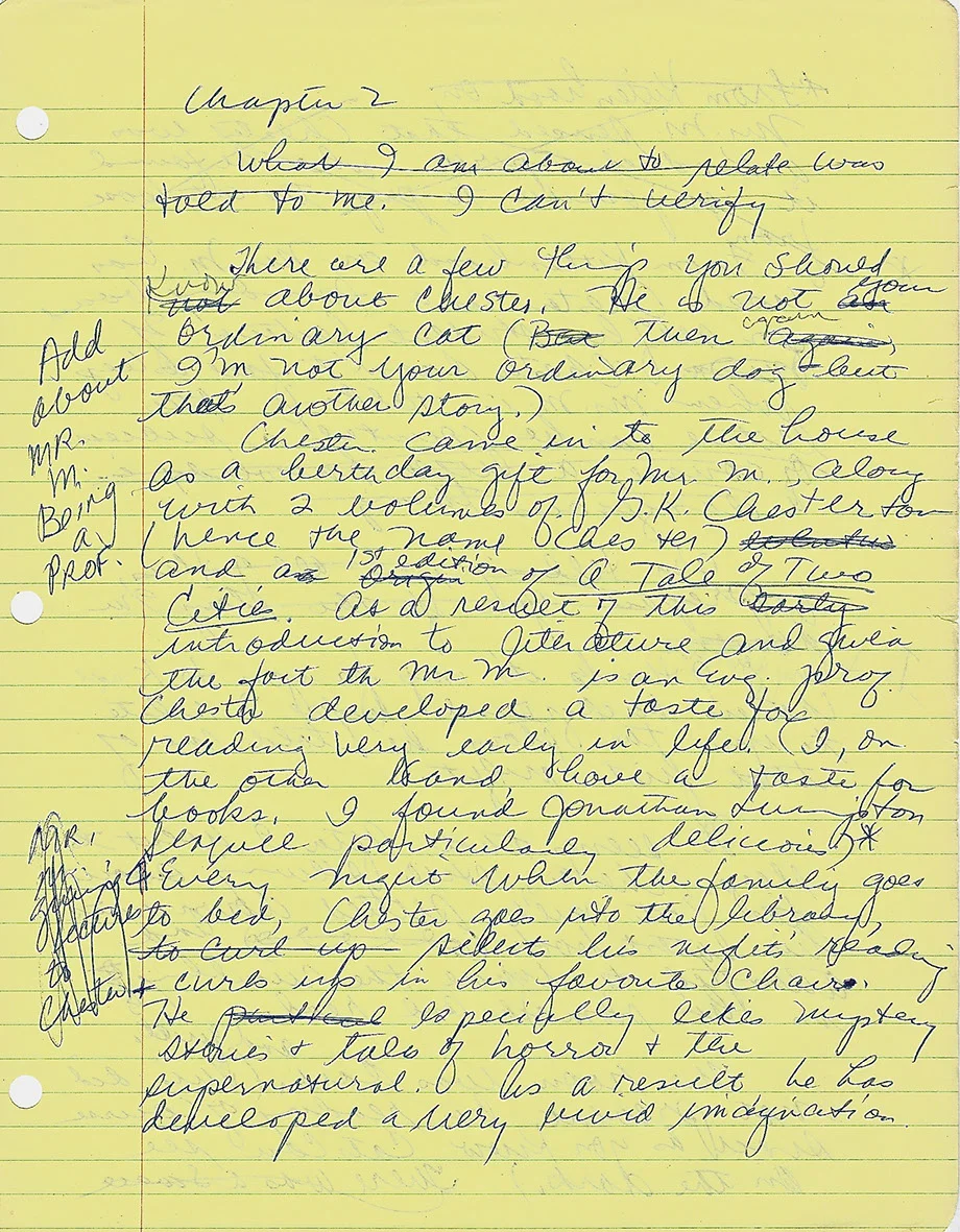 We wrote no character histories, did none of the kind of prewriting I so often do now for my novels, just put a few notes down on a single sheet of paper and began to play. Looking at that first handwritten version of Bunnicula, I can spot something I know was Debbie’s (the Romanian sheet music) or mine (Chester’s kitty sweater with the sixteen purple mice), but more often than not, I don’t know who was responsible for what. There were many times that one of us began a sentence and the other finished it.
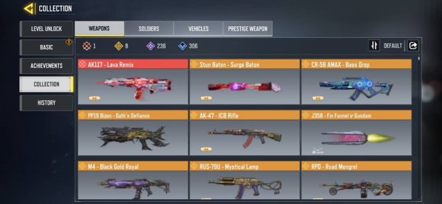 🔫 Skins Gun: 1 Mythic — 8 Legendary — 236 Epic — 306 Rare🔫
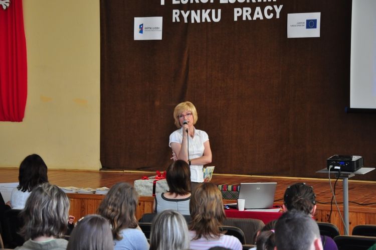Następnie głos zabrała pani dr Lidia Domańska pracownik naukowy Uniwersytetu Warmińsko-Mazurskiego w Olsztynie. Wystąpiła z referatem pt: „Twój sukces na rynku pracy w Twoich rękach”. Swoim wystąpieniem pani Domańska zachęciła uczniów do snucia odważnych marzeń. Przekonała wszystkich, że mogą one stać się rzeczywistością, jeżeli będziemy konsekwentnie dążyć do ich realizacji i poprzemyto ciężką pracą.
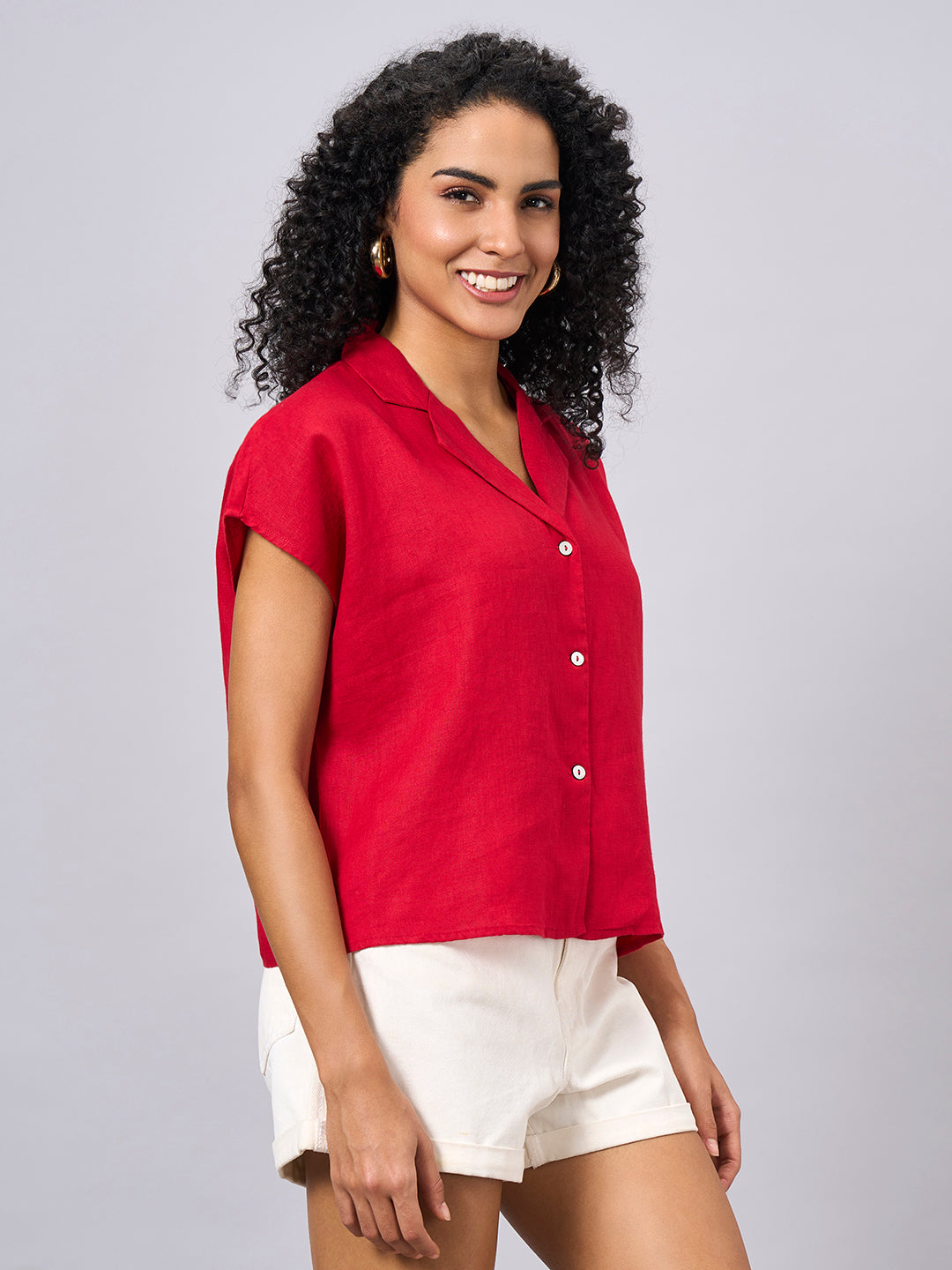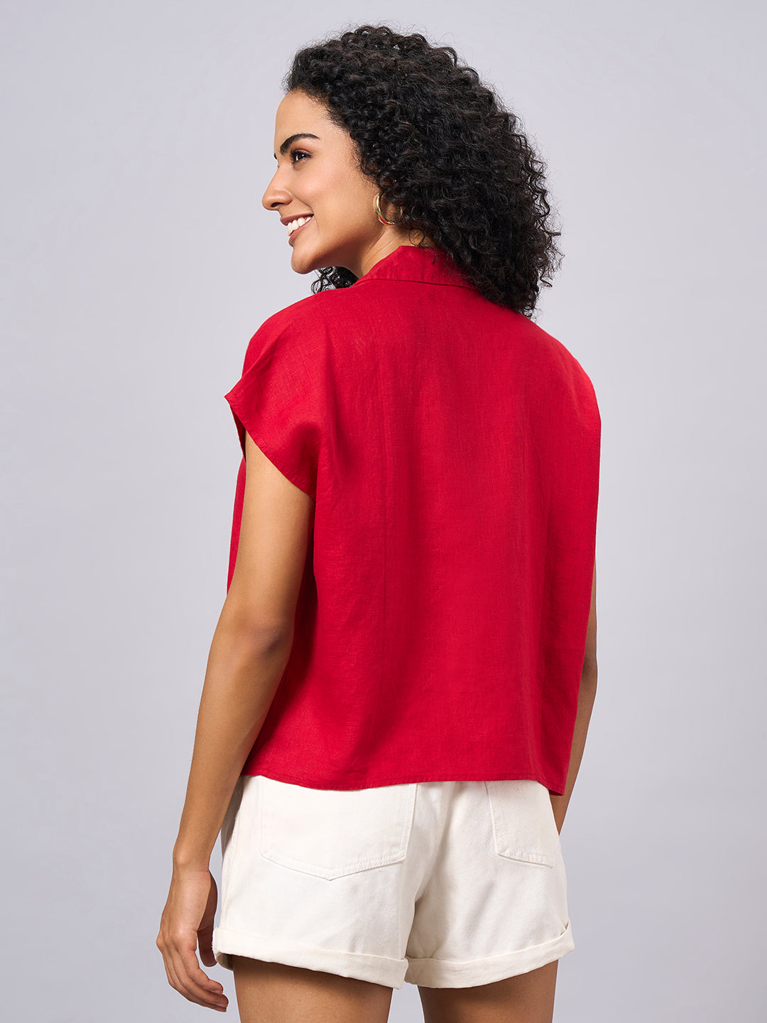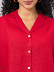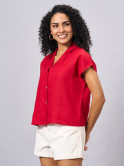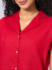 Women's Red 100% Linen Regular Fit Blouse
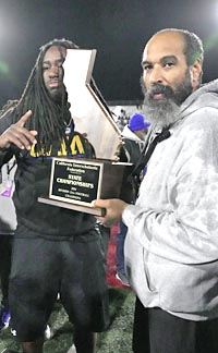 Grant of Sacramento co-coaches Syd’Quan Thompson (left) and Carl Reed get presented with CIF D2-AA state title trophy. Photo: Scott Kurtz / Cal-Hi Sports.
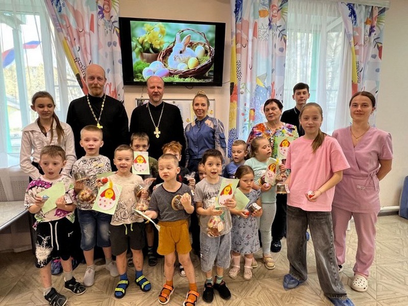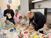 22 апреля ответственные в 1-м и 2-м Воскресенских благочиниях за церковную благотворительность и социальное служение протоиерей Евгений Егоров и иерей Сергий Пчелинцев вместе с воспитанниками воскресной школы Иоанно-Златоустовского храма села Новлянское посетили комплексный центр социального обслуживания и реабилитации «Воскресенский». Гости провели для ребят мастер-класс по изготовлению праздничной открытки и вручили подарки.
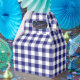Uma caixa de favoritos de estilo elegante com um padrão clássico de gingham verificado em uma fazenda azul e branca.
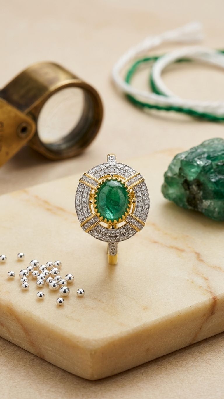 This Emerald Ring is handcrafted in hallmarked 92.5 sterling silver, set with a natural certified emerald gemstone (0.43 ct). Weighing 4.284g, it is part of our Rings collection, made at our Jaipur workshop by skilled artisans who carry forward generations of traditional silversmithing technique.
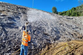 Laying of BioCoir Coconut / hessian matting over hydroseeding to reinforce erosion control
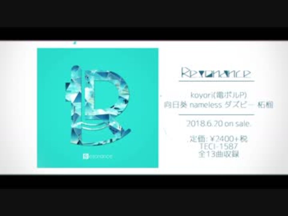 New Album『Resonance』2018年6月20日(水)発売<br /><br /><font color="#666666"><i>koyori(電ポルP)の楽曲を、女性ボーカリスト4名が鮮明に彩る。<br /></i></font><br />公式サイト <a href="http://koyori.site" target="_blank" rel="noopener nofollow">http://koyori.site</a><br />詳細ブログ <a href="https://ch.nicovideo.jp/article/ar1528693" target="_blank" rel="noopener">ar1528693</a><br /><br />全13曲収録 / ¥2,400+税<br /><br />ご予約はこちらから <a href="http://amzn.asia/5rW6XGb" target="_blank" rel="noopener nofollow">http://amzn.asia/5rW6XGb</a><br /><br />-Vocalists-<br /><br />向日葵<br /> - <a href="https://www.nicovideo.jp/mylist/9306672" target="_blank" rel="noopener">mylist/9306672</a><br /> - <a href="https://twitter.com/_himawari_1030" target="_blank" rel="noopener nofollow">https://twitter.com/_himawari_1030</a><br /><br />nameless<br /> - <a href="https://www.nicovideo.jp/mylist/43667452" target="_blank" rel="noopener">mylist/43667452</a><br /> - <a href="https://twitter.com/name__less_" target="_blank" rel="noopener nofollow">https://twitter.com/name__less_</a><br /><br />ダズビー<br /> - <a href="https://www.nicovideo.jp/mylist/18043113" target="_blank" rel="noopener">mylist/18043113</a><br /> - <a href="https://twitter.com/nicodaZzz" target="_blank" rel="noopener nofollow">https://twitter.com/nicodaZzz</a><br /><br />柘榴<br /> - <a href="https://www.nicovideo.jp/mylist/50718003" target="_blank" rel="noopener">mylist/50718003</a><br /> - <a href="https://twitter.com/zakuro_96" target="_blank" rel="noopener nofollow">https://twitter.com/zakuro_96</a><br /><br />Music: koyori(電ポルP)<br /> - <a href="https://www.nicovideo.jp/mylist/12125866" target="_blank" rel="noopener">mylist/12125866</a><br /> - <a href="http://twitter.com/koyokoyokoyori" target="_blank" rel="noopener nofollow">http://twitter.com/koyokoyokoyori</a><br /><br />Movie: 檀上大空<br /> - <a href="https://www.nicovideo.jp/mylist/37060601" target="_blank" rel="noopener">mylist/37060601</a><br /> - <a href="https://twitter.com/skyw315" target="_blank" rel="noopener nofollow">https://twitter.com/skyw315</a>
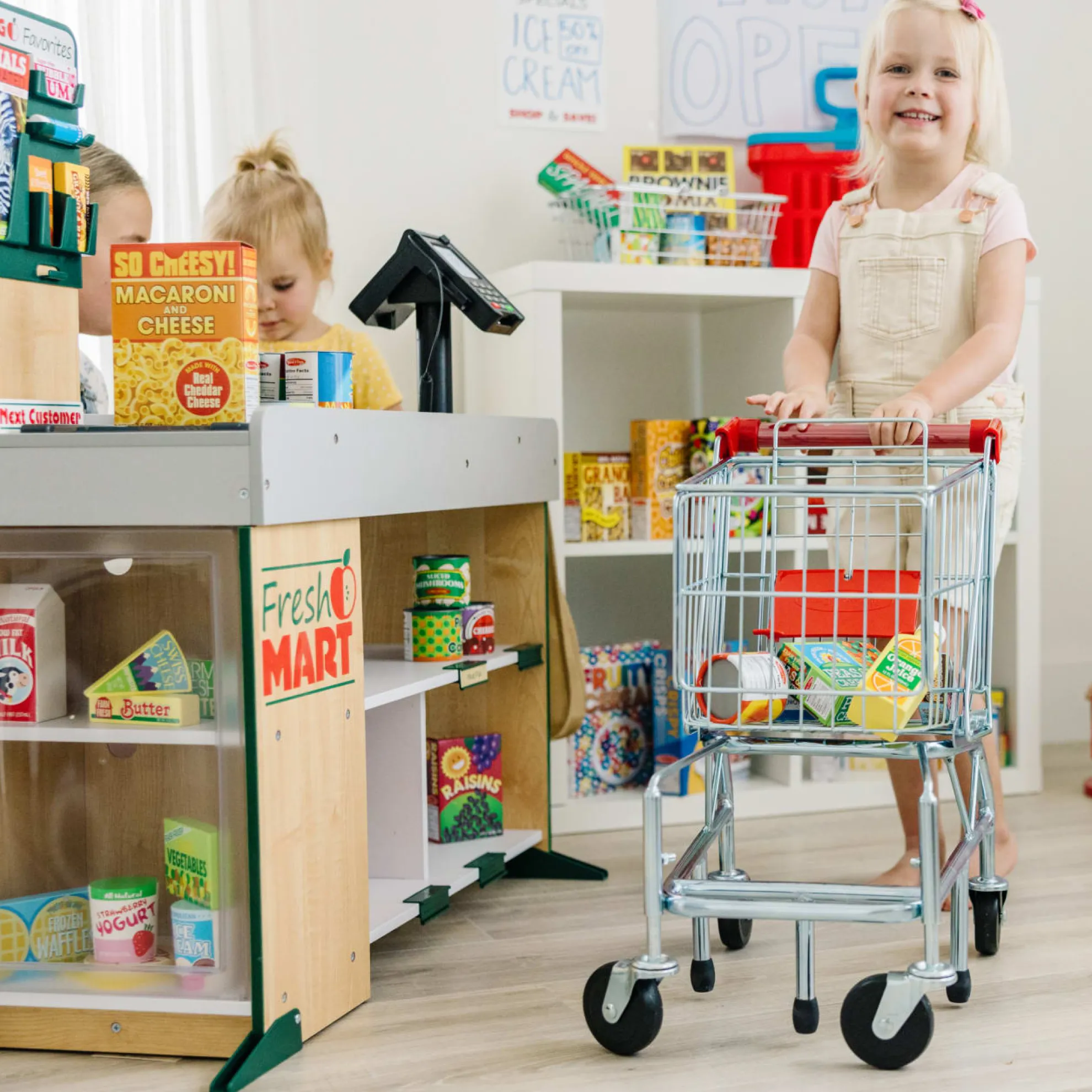 This companion set to the Fresh Mart Grocery Store has everything kids three and older need to stock shelves and get shopping! There are 70 pieces to play with, including grocer and shopper role-play items like an apron, conveyor belt divider bar, and a cloth shopping bag, a fully stocked grab-and-go rack designed to hang on the grocery store shelf (holds gum, granola bar, a magazine, and more!), play money, cards, and coupons, and grocery boxes and cans! This set plays perfectly with the Melissa & Doug Fresh Mart Grocery Store!
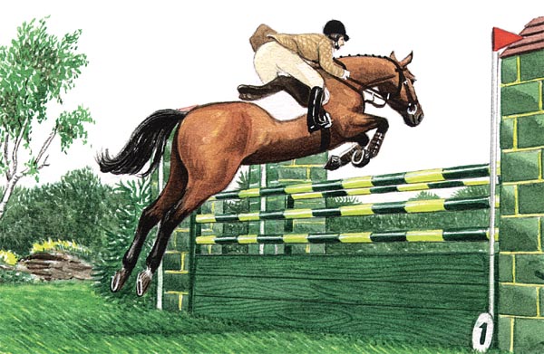 總是同一條腿落地 在跳障礙時(shí),許多馬匹總是習(xí)慣用左腿落地或習(xí)慣用右腿落地,這是馬匹的平衡導(dǎo)致的。有時(shí)候這個(gè)問題是因?yàn)轳R匹在跳躍到空中時(shí),身體扭曲而發(fā)生的。 跳全程時(shí),馬匹要有能力自己換領(lǐng)先腿,這一點(diǎn)是很重要的。否則騎手需幾次強(qiáng)迫馬匹來(lái)?yè)Q領(lǐng)先腿。而當(dāng)你在比賽中,這樣做就會(huì)破壞全程的節(jié)奏和流暢性,也會(huì)消耗時(shí)間。而這樣的時(shí)間罰分是沒有必要的,也是很昂貴的懲罰。在爭(zhēng)時(shí)賽中,加速的步法會(huì)自然調(diào)節(jié)馬匹的平衡,這時(shí)馬匹會(huì)自己換腿。 騎手是可以影響馬匹的腿向正確方向落地的,但不用夸張地把身體偏向一側(cè),正確的方式是,把重量穩(wěn)定的放在微微偏向要去的一側(cè)的腳蹬上。這么輕輕的重量就會(huì)影響到馬匹平衡,馬匹就會(huì)自然以正確的腿著地,向要去的方向前進(jìn)。 在拐彎處,擺一個(gè)交叉桿,在交叉桿的前后各放一個(gè)地桿,這樣的練習(xí)可以改進(jìn)馬匹以正確的腿著地。(如下圖) 這樣既可以練習(xí)馬匹起跳,也可以鼓勵(lì)馬匹向正確的前進(jìn)方向落地。這個(gè)練習(xí)也能預(yù)防馬匹在空中扭曲,并保持它的后軀穩(wěn)定,這是很有效的柔軟性練習(xí),且在障礙中只有騎手把重心穩(wěn)定地放到內(nèi)側(cè)腳蹬上,才能教馬匹很快找到正確的腿。 如果你懷疑馬匹有任何身體上的不舒服,從而引起以上的問題,請(qǐng)找獸醫(yī)檢查馬匹。 如果你第一輪罰分零分,那么就要盡快找到復(fù)賽的路線。這樣你就會(huì)有更多的時(shí)間研究路線,確切地知道去哪里,怎樣跳每一道障礙。要以縮短步而不是大步跳障礙,否則不能落地后盡快回轉(zhuǎn)。 比賽中的時(shí)間 大多數(shù)的比賽都由爭(zhēng)時(shí)賽決定勝負(fù)。罰分是零分雖是最重要的,但如果都是零分的話,騎手和馬匹都應(yīng)快速完成爭(zhēng)時(shí)賽的路線,從而去贏得勝利與獎(jiǎng)金。而一匹年輕且沒有經(jīng)驗(yàn)的馬匹,不應(yīng)該在爭(zhēng)時(shí)賽中爭(zhēng)奪。它可以在跳完障礙之后稍微快一些回轉(zhuǎn)或做小一點(diǎn)的回轉(zhuǎn),但不能失去節(jié)奏、平衡與動(dòng)力。因?yàn)楣?jié)奏、平衡與動(dòng)力在比賽中是最重要的。 每匹馬都有能力在規(guī)定時(shí)間內(nèi)完成全程比賽。如果無(wú)法在規(guī)定時(shí)間內(nèi)完成,那是因缺乏訓(xùn)練和練習(xí)的不夠,但是沒有必要像速度賽馬一樣去搶時(shí)間。而應(yīng)合理有效地運(yùn)用小回轉(zhuǎn)來(lái)節(jié)約時(shí)間。 在回轉(zhuǎn)時(shí),馬匹需要有很好的控制及服從性,而這些來(lái)自于你平時(shí)在家中的訓(xùn)練。服從性好的馬匹不會(huì)反抗騎手的要求,但馬匹必須具有很好的平衡,才能對(duì)你的要求做出反應(yīng),平衡同樣來(lái)源于正確的平地工作。平地工作可以讓馬匹更柔軟,有更好的運(yùn)動(dòng)能力和好的平衡。 在平時(shí)訓(xùn)練時(shí),練習(xí)馬匹落地后,左右小回轉(zhuǎn)去下一道障礙是非常重要的。你也需要練習(xí)馬匹以小角度跳躍障礙,以及把幾道障礙串起來(lái)跳。然后根據(jù)馬匹訓(xùn)練狀況來(lái)做最小的回轉(zhuǎn)。任何來(lái)自馬匹的反抗都會(huì)影響跳躍障礙,甚至出現(xiàn)錯(cuò)誤,而且會(huì)破壞全程的流暢性,以及損失更多的時(shí)間。 在練習(xí)落地后的小回轉(zhuǎn)時(shí),可以在地上放地桿和擺放很矮的障礙。如果馬匹能夠在這些練習(xí)中保持平衡了,那么即使跳高一點(diǎn)的障礙之后的回轉(zhuǎn),它也不會(huì)覺得很難。 最后思考 盛裝舞步或平地工作和場(chǎng)地障礙都應(yīng)是同步的。平地工作訓(xùn)練得好一些,馬匹會(huì)在跳障礙時(shí)發(fā)揮得更好,騎手也更容易掌握馬匹。練一匹服從而且有素的馬需要很多時(shí)間,甚至可能是幾年。有些馬匹比較容易訓(xùn)練,騎手騎這樣的馬匹也會(huì)有樂趣。它們可能天生有能力去跳躍,但不是每個(gè)騎手都那么幸運(yùn),能擁有這樣有天賦的馬匹的。所以我們要堅(jiān)持而且有耐心。訓(xùn)練一匹馬,而且要有目的且克服各種問題堅(jiān)持訓(xùn)練,這是很有挑戰(zhàn)性的,雖然做起來(lái)困難而且辛苦,但是如果你訓(xùn)練成功了,就會(huì)有很大的滿足感。 騎手和馬匹都需要做很多跳障礙練習(xí)。先從地桿練習(xí),到體操練習(xí),然后用不同步法跳不同種類的障礙,以及變換角度跳和各種回轉(zhuǎn),這些內(nèi)容都應(yīng)有計(jì)劃地練習(xí)。試著平時(shí)多跳一些小全程,不要只跳一道障礙或跳完一道障礙后,馬匹就變成凌亂的快步或不協(xié)調(diào)的跑步。每做完一個(gè)練習(xí),都要有很好地向下變換,而且不要讓馬匹來(lái)決定下一步去哪里。有機(jī)會(huì)的話,多看看專業(yè)人員訓(xùn)練。 觀看也能學(xué)到很多。最高水平的跳障礙就是一種藝術(shù)。而高水平的騎手有出色的技術(shù)和準(zhǔn)確性。我們奢望有那么高的水平,但是把低水平的做好了,也會(huì)有滿足感,也有很大樂趣。 不要因比賽中沒有平時(shí)訓(xùn)練做得好而失望,每個(gè)比賽環(huán)境是不同的,很多因素都可以影響人和馬匹造成緊張,如果能獲得多一些比賽經(jīn

TASK STATEMENT —
Please output the listing above exactly from its first line through the line with "Epic — 306 Rare🔫", both included, and nothing beyond that line. Omit pictures.

RESULT —
 We wrote no character histories, did none of the kind of prewriting I so often do now for my novels, just put a few notes down on a single sheet of paper and began to play. Looking at that first handwritten version of Bunnicula, I can spot something I know was Debbie’s (the Romanian sheet music) or mine (Chester’s kitty sweater with the sixteen purple mice), but more often than not, I don’t know who was responsible for what. There were many times that one of us began a sentence and the other finished it.
 🔫 Skins Gun: 1 Mythic — 8 Legendary — 236 Epic — 306 Rare🔫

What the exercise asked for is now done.